White House rejoices over strong jobs report.
The White House celebrated a stronger-than-expected jobs report on Friday, insisting that the uptick in hiring shows that the U.S. economy remains strong even as the war with Iran continues to elevate oil and gas prices.
The report, which showed that employers added 172,000 jobs in May, doubled as a political win for President Trump, who has struggled for months to tamp down voters’ mounting economic anxieties. It offers him a new talking point as he races to shore up support for his flagging agenda, months before voters head to the ballot box for the midterm elections.
But the strong hiring, which greatly outpaced analyst expectations, came with an important caveat. The growth in the labor market — on top of uncomfortably high inflation recently — seemed to reduce the chances that the Federal Reserve would lower interest rates any time soon.
Mr. Trump has repeatedly called for those steep cuts. Weeks ago, he celebrated the swearing in of his new chair of the central bank, Kevin M. Warsh, with the hopes that he might soon achieve them. And yet, the current trajectory of the economy made it less likely than ever that the Fed would slash rates. Markets now expect the next move to be a rate increase, possibly in 2027.
“This is about the strongest market of my lifetime,” Kevin Hassett, the director of the White House National Economic Council, said of the labor gains during an appearance Friday on CNBC.
Mr. Hassett chalked up the “enormous amount of positive momentum in hiring” to the president’s policies, including the tax cuts he enacted last year.
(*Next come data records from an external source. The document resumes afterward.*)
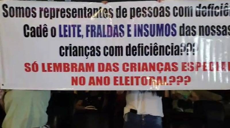 O grupo levantou duas faixas com questionamentos às participantes do encontro: “E se fosse o seu filho? Nossos filhos existem e têm seus direitos decretados por liminar. Respeite as decisões judiciais!” e “Somos representantes de pessoas com deficiência. Cadê o LEITE, FRALDAS E INSUMOS das nossas crianças com deficiência??? SÓ LEMBRAM DAS CRIANÇAS ESPECIAIS NO ANO ELEITORAL???”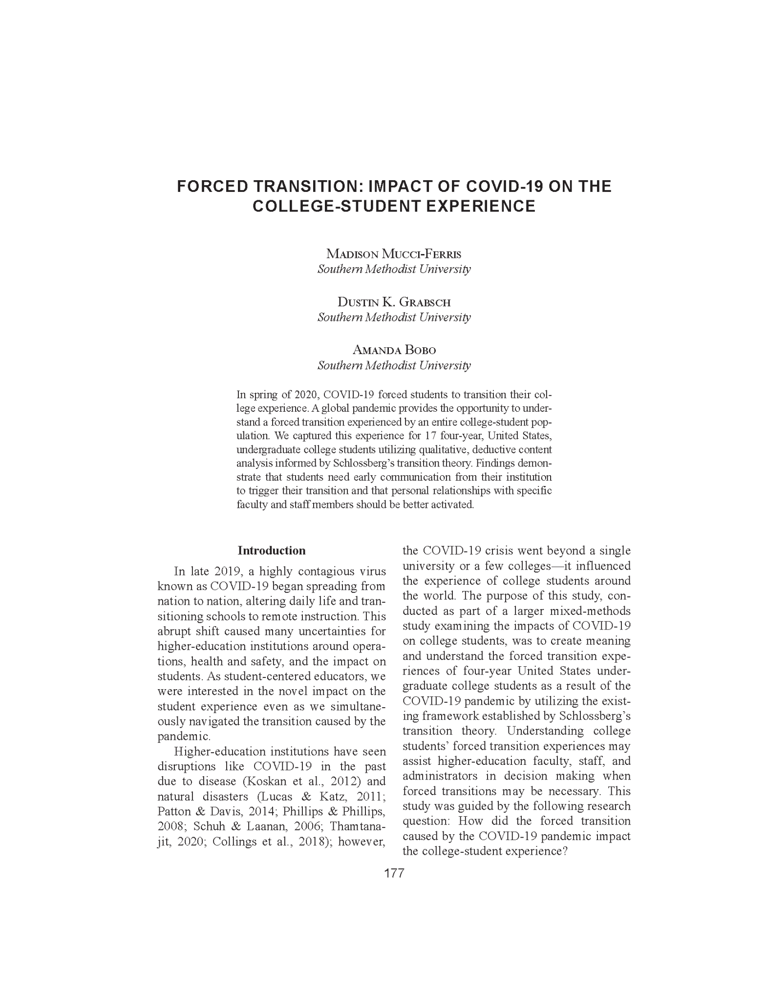 Mucci-Ferris, M., Grabsch, D. K. & Bobo, A. (2023). Forced transition: Impact of COVID-19 on the college student experience. Education. 143(4): 177-191.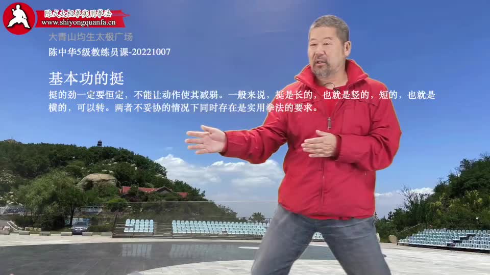 基本功的挺-陈中华5级教练员课-20221007。挺的劲一定要恒定,不能让动作使其减弱。一般来说,挺是长的,也就是竖的,短的,也就是横的,可以转。两者不妥协的情况下同时存在是实用拳法的要求。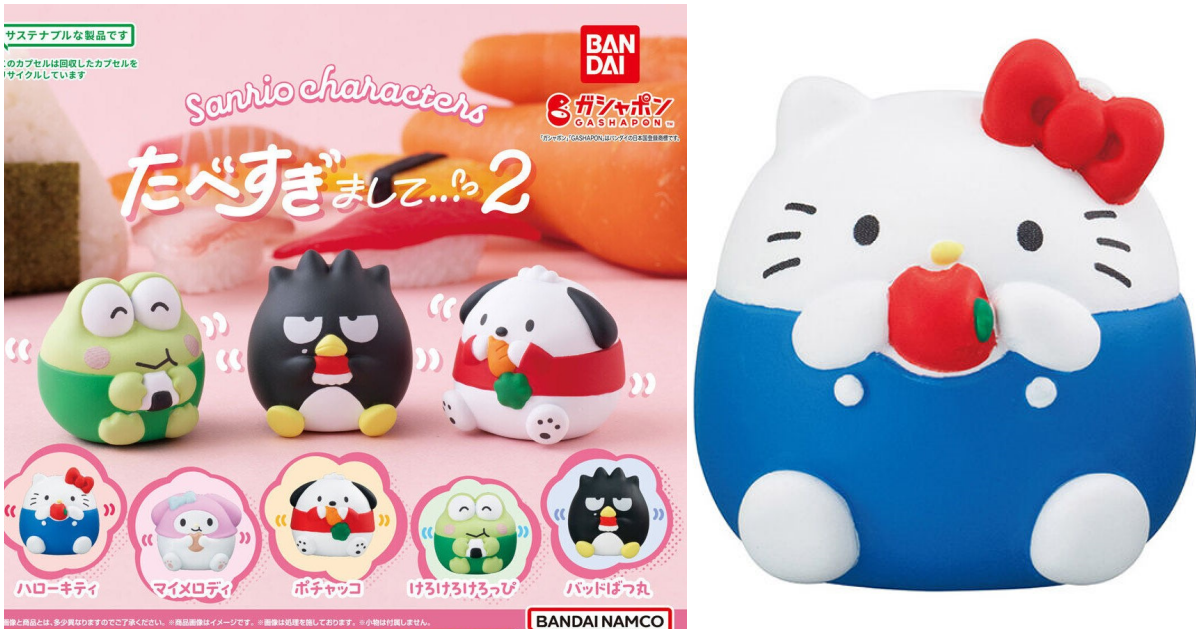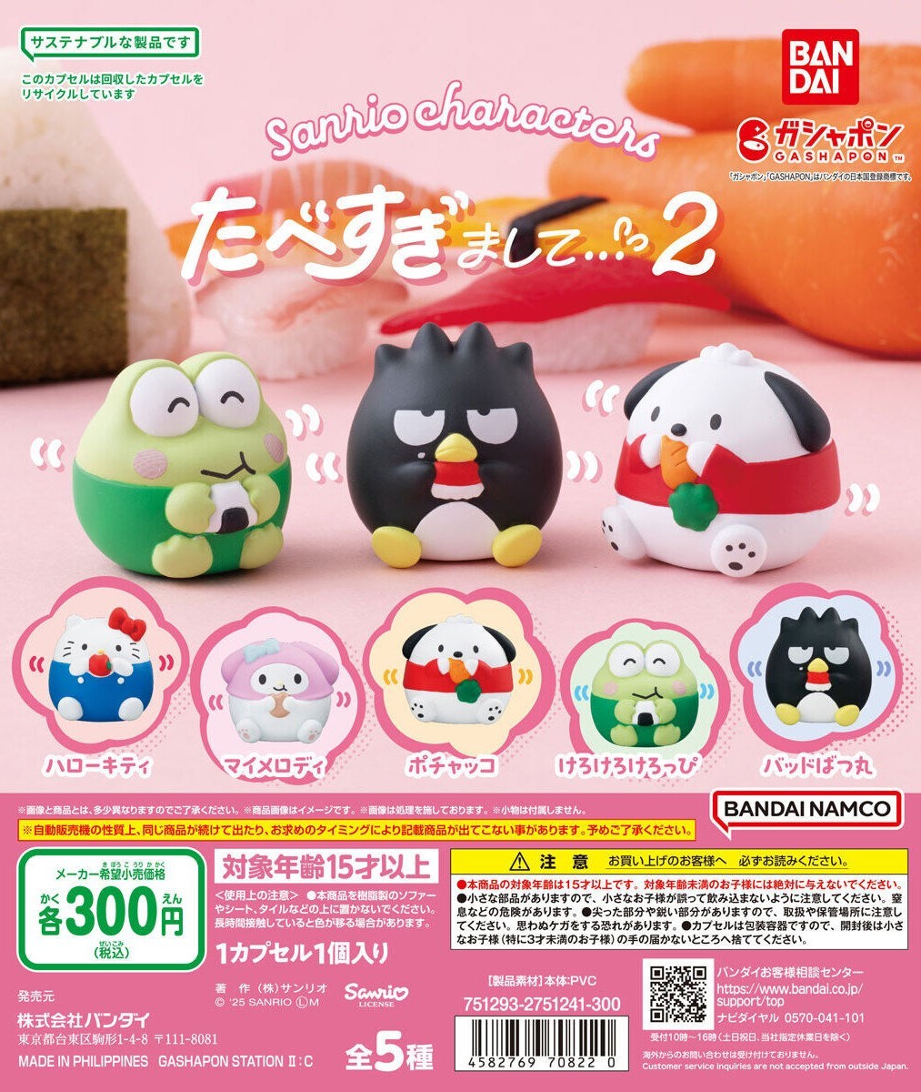 日本 BANDAI 萬代玩具公司轉蛋事業部 GASHAPON 旗下的「吃太多了...(たべすぎまして…)」系列,以超人氣的三麗鷗角色為主題,推出第二彈最新商品:「三麗鷗明星 吃太多了...2」轉蛋,一共有 5 種款式,一轉參考售價為 300 日圓,於 2025 年 01 月下旬開轉!

That, he said, should spur growth, but not in a way that would compel the Fed to raise rates.
“It’s a supply-side driven job market boom, which I think means the Fed can watch the inflation numbers and wait awhile before it does anything about it,” he said.
Since the start of the war, Mr. Trump and his top aides have tried to downplay the economic consequences. The president has dismissed the fallout or described it as only temporary, and in some instances, he has suggested that he expected it to be far worse — causing the stock market to plummet while pushing oil and gas prices much higher.
The price of a gallon of gasoline reached $4.22 nationally on Friday, according to AAA, down from its peak during the war but still significantly elevated from a year earlier. That has further weighed on American families, majorities of whom increasingly tell pollsters they are frustrated with the nation’s economic trajectory. Among the strains, workers’ earnings have not kept pace with the growth in prices, a gap that affected lower-income families the most.
“President Trump’s failing economic agenda is shrinking families’ paychecks,” Senator Elizabeth Warren, Democrat of Massachusetts, said in a statement Friday. “Instead of fixing the economic pain he’s caused, Trump is doubling down on his reckless tariffs and his war in Iran.”
Yet Mr. Trump has remained bullish in spite of those numbers. Speaking to reporters on Thursday, he repeated his belief that the debate around affordability was a “con job,” while boasting that the stock market is setting records under his watch.
“There is clear momentum in the American economy as a result of President Trump’s proven economic agenda of tax cuts, deregulation, and energy abundance that’s unleashing the private sector,” Kush Desai, a White House spokesman, wrote on social media.